Platinum-Pimpette said:
			
		

> While your correct about the fact that they are infact licensed in the US-- the reason this game probably won't be coming to the states or any other place is because of other licensing issues. In japan, Bandai(Namco) currently owns the rights to the games of all three Animes on the PS2 and Gamecube(Except Naruto on GC-- Tomy has those rights, and Tomy is currently still in on the Project-- You also can't forget that Ubisoft is on the deal now as well for an Xbox 360 version.) Also, all three of these Anime voice actors all come from TV Tokyo but thats not even the big issue.
> 
> In America for instance, you have Atari who Owns Dragonball Z, while Bandai owns One Piece and Cyber Connect owns the rights to the Naruto Hero Series-- Funimation has the english voice actors for Dragon Ball Z-- 4kids for One Piece-- and Viz for Naruto and ect.
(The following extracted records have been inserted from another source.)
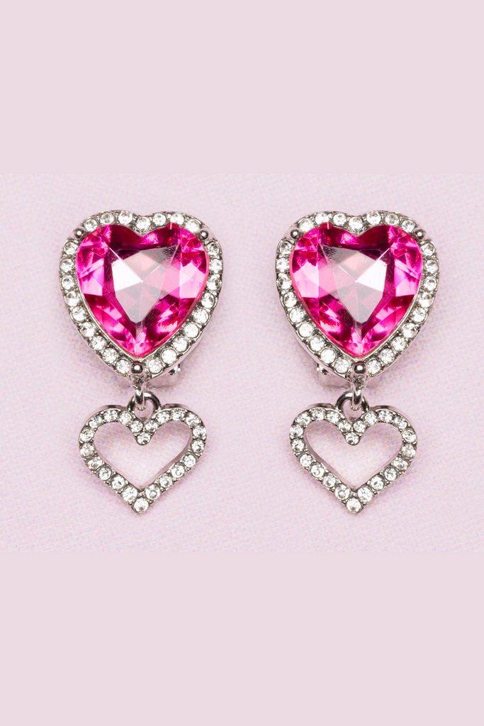 Boutique Heart Jewel Clip On Earrings
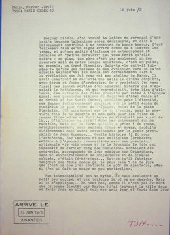 Mon intouchabilité est un mythe. Je suis seulement un petit peu occupé, et pas toujours là où on me cherche. Mais si on s’applique… En tout cas, comme il n’est pas évident que je passe bientôt par Nantes (j’ai traversé la ville deux ou trois fois en allant voir mes amis Demy et Varda dans leur moulin de Noirmoutiers) note mes coordonnées de Paris. D’abord ma nouvelle boîte postale : [...] Ainsi tu n’auras pas d’excuse pour ne pas me voir si toi, tu passes par Paris. Donne-moi aussi tes repères londoniens : Londres est plus souvent sur mon chemin que Nantes.
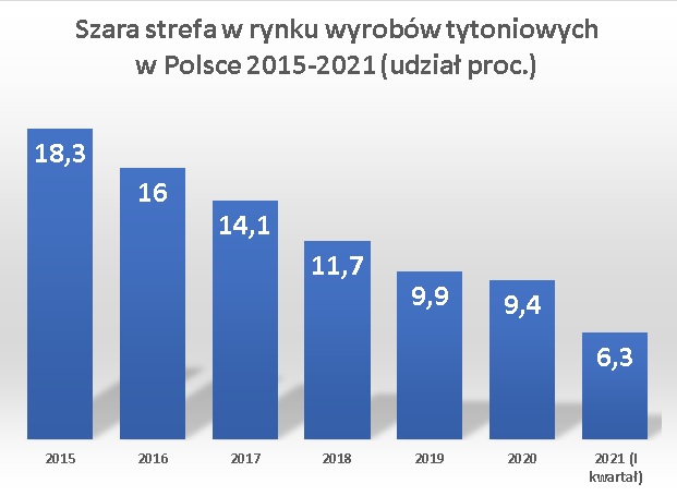 Udział nielegalnego handlu papierosami w polskim rynku tytoniowym maleje sukcesywnie od 2015 r., gdy udział szarej strefy w krajowym rynku tytoniowym przekraczał 18,3 proc. Szacuje się, że każdy procent rynku odzyskany dla legalnej sprzedaży papierosów to ok. 250 mln zł więcej w budżecie państwa. Z raportu Instytutu Almares wynika, że zmalał też rynkowy udział podrabianych wyrobów tytoniowych: z 1,3 proc. w 2020 roku do 0,7 proc. w I kwartale br.
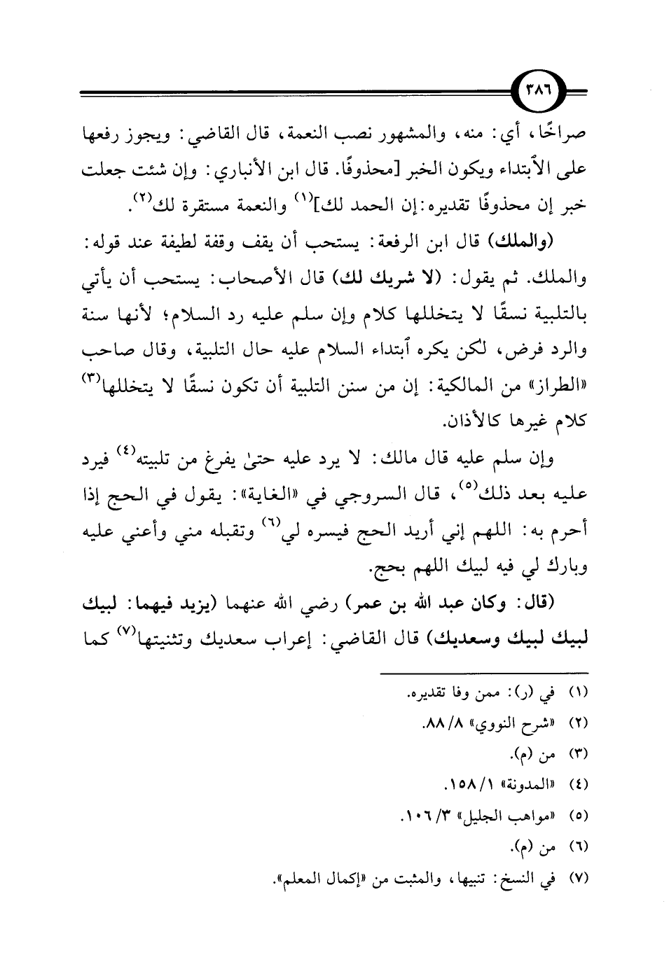 (والملك) قال ابن الرفعة: يستحب أن يقف وقفة لطيفة عند قوله: والملك. ثم يقول: (لا شريك لك) قال الأصحاب: يستحب أن يأتي بالتلبية نسقًا لا يتخللها كلام وإن سلم عليه رد السلام؛ لأنها سنة والرد فرض، لكن يكره ابتداء السلام عليه حال التلبية، وقال صاحب "الطراز" من المالكية: إن من سنن التلبية أن تكون نسقًا لا يتخللها (¬3) كلام غيرها كالأذان.

That would all take alot of money which would basically means that it become to much of an hassle to aquire permission from all those licenses. This game would also sell alot better in Japan then it ever would here or anywhere else because of their huge popularity in their home country-- whereas, Naruto is currently blowing up in the U.S., One peice is going uncared for, and Dragonball Z is still pushing strong-- but overall, not strong enough to give this game any good sales.
> 
> So basically, while it's entirely possible, i honestly don't think it's worth it-- i wouldn't risk it myself and i doubt they would either from a business standpoint, not if they were smart anyway. ^_^


hit the nail on the head.  That is EXACTLY why it probably won't ever come here.


----------



## SSJLance (Jun 24, 2006)

This game might not come here, but I don't see why Shonen Jump Superstars can't come here. There are no voices, and all of the manga the characters come from have been liscensed by Viz, so I don't see the reason why they can't bring that game over.


----------



## danielyang027 (Jun 24, 2006)

man does this suck


----------



## Jaga (Jun 24, 2006)

Platinum-Pimpette said:
			
		

> I believe these are some new images-- not sure if they've been posted yet. I apologize if they have already--
> 
> a lil game



that game looks sexy.. it better come to the US i wanna battle with naruto, sasuke, goku, piccolo, and monkey d.


----------



## danielyang027 (Jun 24, 2006)

.00001% chance of that


----------



## Seany (Jun 24, 2006)

Wow nice scans =)


----------



## Kira Yamato (Jun 24, 2006)

Really doesn't matter if this game is released in the states. I enjoy my GNT games (2-4) and don't plan to get the US versions. And I already pre-ordered this game months ago, and never had any plans to get the US version if it were possible. I guess it's just more incentive to learn to love imports


----------



## d.Lughie (Jun 24, 2006)

Suggggee!!!

This is awesome.. I can't wait to kick ass with Luffy!!! 
are their new moves revealed?? is sogeking there??


----------



## Haohmaru (Jun 24, 2006)

I'm gonna get it as soon as it get's out. I'll be posting first impressons the same  day or the day after.


----------



## d.Lughie (Jun 24, 2006)

eh? is that scan page 6 panel 7 gear 2??

ohh man that'd be so cool!!


----------



## Jack Bauer (Jun 24, 2006)

Ummm yea I'd rather import it. It'd be waaay to long to wait for the U.S. version of this. Look how long Gekitou Ninja Taisen 1 took to come here.


----------



## Haohmaru (Jun 24, 2006)

Yeah this would take forever to come out in english. This game isn't going to be text driven anyway so it doesn't really matter.


----------



## mangekyou_slayer (Jun 25, 2006)

SSJLance said:
			
		

> This game might not come here, but I don't see why Shonen Jump Superstars can't come here. There are no voices, and all of the manga the characters come from have been liscensed by Viz, so I don't see the reason why they can't bring that game over.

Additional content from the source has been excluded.